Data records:
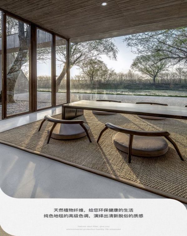剑麻地毯是一种新型地毯,采用天然剑麻纤维编织而成,比较符合现代人对清新自然的追求。剑麻地毯一般有斜纹,鱼骨纹,帆布平纹,多米诺纹等多种花色。剑麻地毯绿色环保,价格较羊毛、真丝地毯实惠,而且具有抗压、耐磨、耐酸碱、吴静电等优点
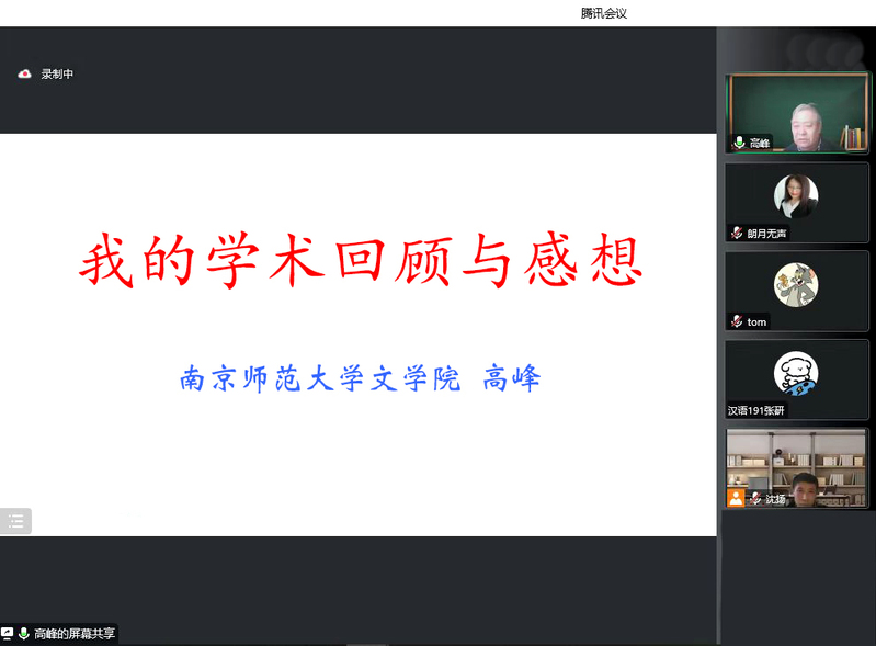12月15日下午,南京师范大学85po 院长高峰教授,应邀为85po 师生作了题为“我的学术回顾与感想”的专题学术报告,这也是85po “苔岑雅集•周有光文化大讲堂·名师导学”系列讲座的第二讲(总第十七期)。讲座以线上形式举行,同时面向校内外师生同步直播。85po 党总支书记焦洁庆、院长葛金华出席讲座,古代文学教研室吕杨、王茜、孙慧琦、王风丽等二十多位中青年教师,以及校内外学者、师生近二百人通过线上方式参加了讲座。院长助理黄杭西、古代文学教研室主任沈扬主持讲座。
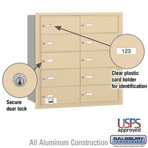 4B+ Horizontal Mailbox with 10 B Doors, Rear Loading, Sandstone Finish
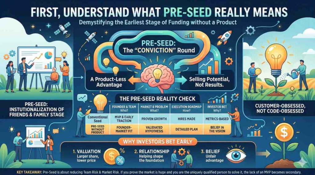When you do not have a product, trust becomes your main asset. At the pre-seed stage, investors are not buying usage charts or revenue graphs. They are buying belief in you. They are deciding whether you are someone who can take a raw idea and turn it into a real company.
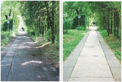 左圖:保護項目對燕南園水泥路修復(fù)前的景象。右圖:保護項目對燕南園水泥路進行修復(fù)后的效果。燕南園保存下來的水泥路以“脫漿彩石混凝土”工藝進行施工,老校友稱之為“洋灰路”。這里的“洋灰路”已有76年歷史,大部分仍能正常使用。北大建筑與景觀設(shè)計學院的李迪華老師發(fā)現(xiàn),燕南園東側(cè)水泥路破損后,顯露出大小和顏色都參差不齊的石子。于是,他開始追溯這些“洋灰路”的歷史價值,與北大“燕園公益營建社”的黃可同學翻閱北大檔案館資料,找到了歷史照片。又幾經(jīng)輾轉(zhuǎn),尋訪到了九旬高齡的老校友。研究發(fā)現(xiàn),燕園中最早的水泥路修建于1948年。為此,李迪華大力呼吁保護這些水泥路,尋訪到專門修復(fù)歷史路面的施工團隊,對少量保存完整的路面進行修復(fù);破損的洋灰原料則被回收,取出原骨料,采用相同的工藝進行還原。不僅老材料得到循環(huán)利用,歷史道路的價值也“凝固”在更新后的路面中。
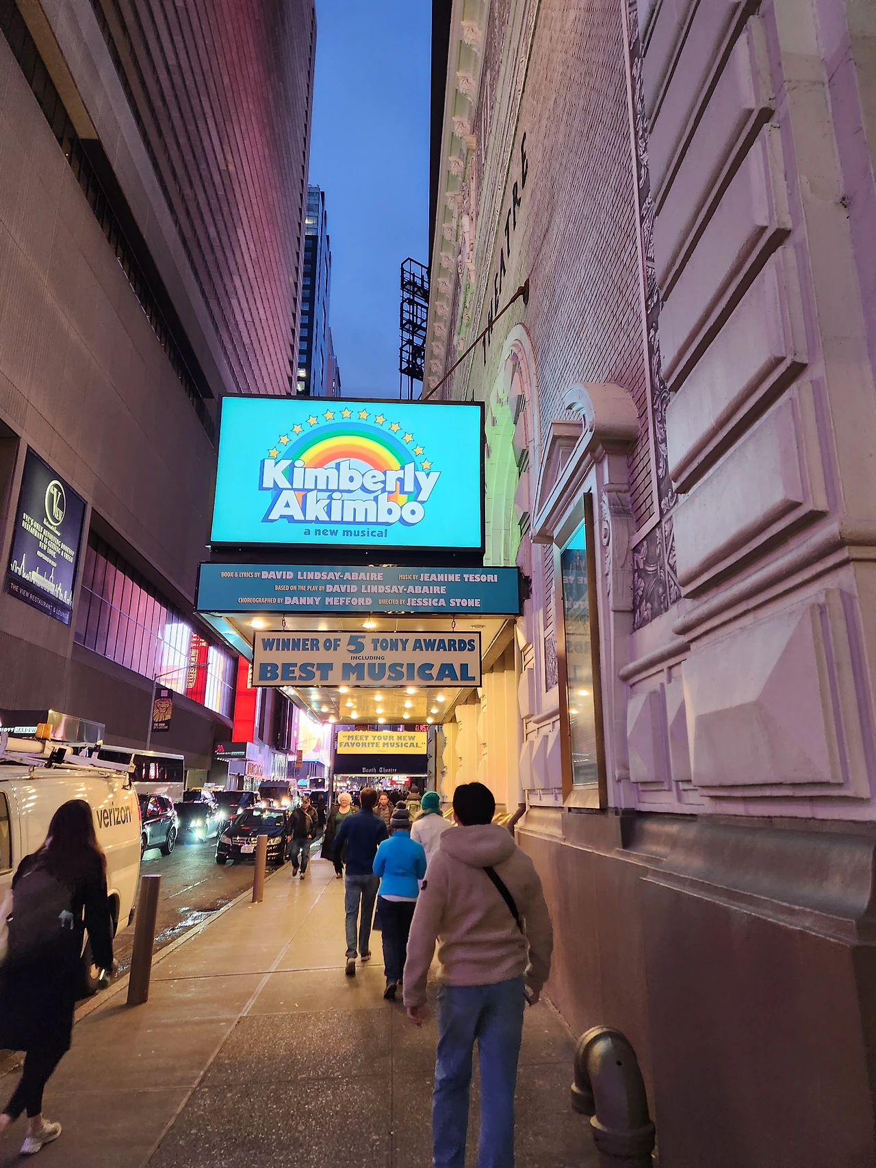 위 간판에는 킴벌리 아킴보 (Kimberly Akimbo) 뮤지컬 안내판이 있었고, 2023년 당시의 토니상 시상식 중계를 봤던 나는 이 작품을 단번에 알아봤다.
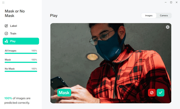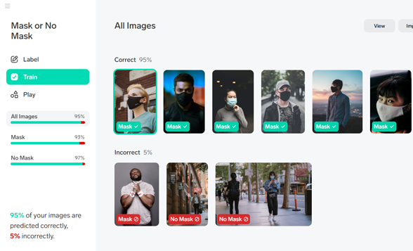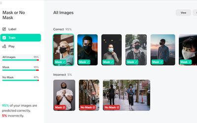 Of course, no machine learning model is perfect, and there may be instances where some images require a bit of help. For example, you may come across an image of a man without a mask but with his hands covering his face. In such cases, all you have to do is either fix the label or delete the image, and Lobe will adjust the model accordingly.
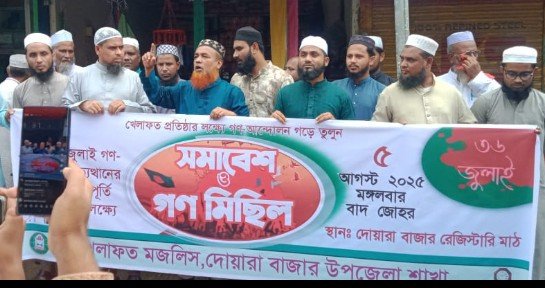 দোয়ারাবাজার (সুনামগঞ্জ): সুনামগঞ্জের দোয়ারাবাজার উপজেলায় খেলাফত মজলিসের উদ্যোগে প্রশিক্ষণমূলক তরবিয়তী মজলিস ও গণমিছিল অনুষ্ঠিত হয়েছে। মঙ্গলবার (৫ আগস্ট) উপজেলার মা কমিউনিটি সেন্টারে এ অনুষ্ঠান অনুষ্ঠিত হয়।
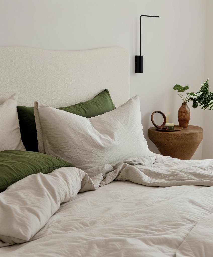 | Wykończenie | Każda poszwa na kołdrę, zapinana na guziki, jest wykonana w 100% z lnu, wstępnie wypranego dla zapewnienia miękkości. Wykończona lamówką w kolorze Forest. |
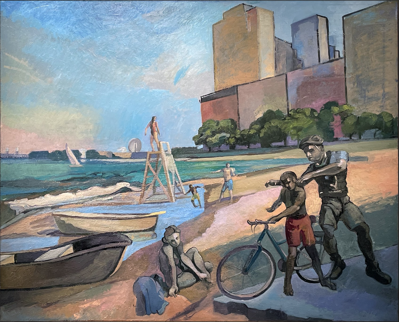 The landscape painter who is focused on the natural world might think of their subject matter as natural light and natural forms of the world, or the electric lights and the manmade angles of the city. But for those unoccupied scenes, well…where are the people? Do we really think that the landscape painter is always alone out there, without a single soul with whom to cohabitate, just because no figures are in their paintings? The keepers of these places where we exist–the landscapers, custodians, doormen, security guards–their job is to know, to care for, and to maintain the space. Integral to their work, they witness. A couple walking hand in hand. An argument between two colleagues. A person noticing moments too late that they’ve just been pickpocketed. A marriage proposal. In his hours and hours of painting en plein air, Tim King also witnesses, and these works incorporate his memories of events that took place in the locations he most often paints. He writes, “They all came out of older studies started up to 25 years ago. All are from experiences while painting landscapes in plein air where I witnessed actions, events and lifestyles that have been stuck dwelling in my head.” A guy fishing, a homeless man, a lifeguard saving a drowning boy, and many other events are things that he has witnessed while he’s been out on site, painting the landscape.
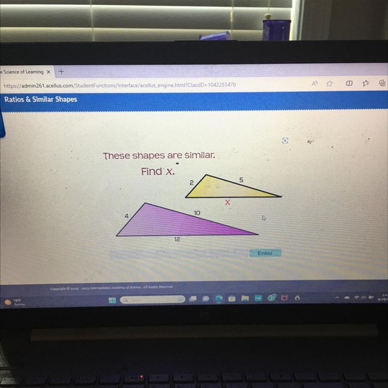 since the triangles are similar then the ratios of corresponding sides are in proportion, that is
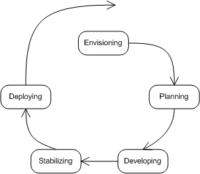 This model shows the five basic phases of the method. These phases will be explained in the following sections of this entry. The phases are: Envisioning, Planning, Developing, Stabilizing and Deploying. After this cycle has been completed a version of the system is ready and a new cycle begins to create a new version. The phases are explained in the following sections and are shown through a meta-modeling technique. More details about multiplicities and concepts in a project context can be seen in the overall data model later on.
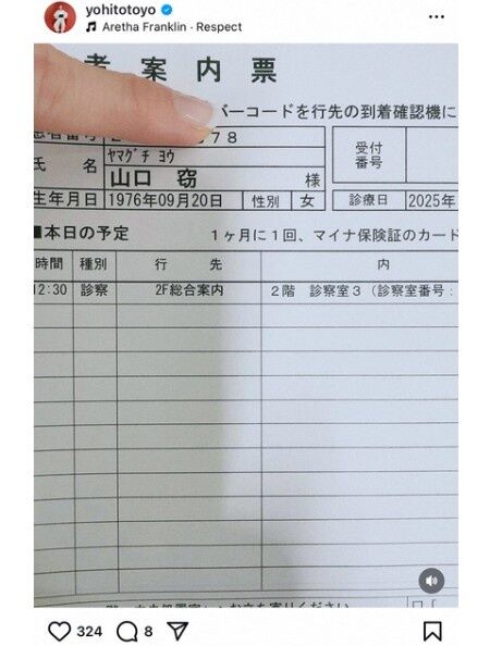 一青は「久しぶりに間違われました(笑」(原文ママ)とし病院での患者案内票の写真をアップ。名前の欄には「山口窃」と書かれている。

### To do
Word for word, retype the lines in the entries above that run from the one with "Of course, no" through the one with "kolorze Forest. |". Both ends count; pictures do not.

### Response area
 Of course, no machine learning model is perfect, and there may be instances where some images require a bit of help. For example, you may come across an image of a man without a mask but with his hands covering his face. In such cases, all you have to do is either fix the label or delete the image, and Lobe will adjust the model accordingly.
 দোয়ারাবাজার (সুনামগঞ্জ): সুনামগঞ্জের দোয়ারাবাজার উপজেলায় খেলাফত মজলিসের উদ্যোগে প্রশিক্ষণমূলক তরবিয়তী মজলিস ও গণমিছিল অনুষ্ঠিত হয়েছে। মঙ্গলবার (৫ আগস্ট) উপজেলার মা কমিউনিটি সেন্টারে এ অনুষ্ঠান অনুষ্ঠিত হয়।
 | Wykończenie | Każda poszwa na kołdrę, zapinana na guziki, jest wykonana w 100% z lnu, wstępnie wypranego dla zapewnienia miękkości. Wykończona lamówką w kolorze Forest. |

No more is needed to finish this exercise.